Under the possibility of another locus or loci affecting the coat colour variation in this population, the results of the analysis of Grey-Intensity may help to interpret the minor gene effects revealed by the primary analysis. The proximal region of chromosome 28 was the only significant effect at the suggestive level for the diluted-related traits and for the Grey-Intensity trait, which suggests that these significant associations could result from the true quantitative nature of coat colour intensity within and between the phenotype classes. This locus could, therefore, be considered as a candidate for the genetic background effects that underlie subtle variations in colour, and that in certain cases could lead to discordance between colour score and the SILV locus genotype (e.g. this could explain discrepancies such as AG animals that were scored as White). A colour-associated gene, LYST (lysosomal trafficking regulator), maps to the proximal end of chromosome 28 [26]. Mutations in this gene are responsible for Chediak-Higashi syndrome 1 in human and mouse (beige mutant). This disorder has been reported in Japanese black cattle [27] and is characterized by prolonged bleeding time and, more relevantly for this paper, a light coat colour. Our results indicate that allelic variation at this gene, possibly not associated with illness, could underlie the different shades of colours observed in the partially diluted colour categories by acting as a modifier of the Dc locus. Increased marker density in this chromosomal region would be required before an epistatic analysis between this locus and the Dc locus could be conducted.
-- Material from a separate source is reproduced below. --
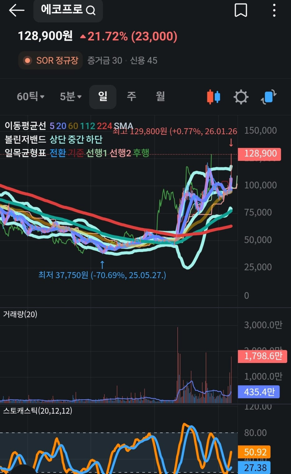 에코프로는 오늘 하루 동안 22,000원이 오르며 127,900원에 거래되고 있습니다. 장중 내내 매수세가 유입되며 우상향 곡선을 그렸고, 이는 2차전지 섹터 전반에 대한 기대감이나 에코프로만의 개별 호재가 강력하게 작용했음을 시사합니다.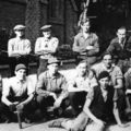 Op de foto de personen, die het skelet van de toren opnieuw vorm moesten geven. Staande: Sjang Schattorië (dakdekker), Jeu Janssen (timmerman), Lei Peeters (timmerman), Hendrik Peters, Willem Nottelman, Ton Schattorië. Knielend: Sjeng Lennaerts, Thei Vullers, Harrie Willemsen, Jan Heinen, Jan Schattorië, Jeu Janssen en op voorgrond Lei Schattorië. Timmerlui en dakdekkers.

Other genetic effects may be the result of the interaction of the causal mutation of the Charolais dilution phenotype and other mutations in the SILV gene. For instance, the AG individual with Dark-Red phenotype rather than the expected Light-Red may be explained if another mutation rescued the dilution effect due to the SILV c.64A>G mutation as seems to be the case with the Smoky phenotype in chickens, which in addition to the 9-bp deletion in exon 10 of the SILV gene associated with the Dominant white phenotype, also have an additional deletion in exon 6 that partially restores pigment production [25].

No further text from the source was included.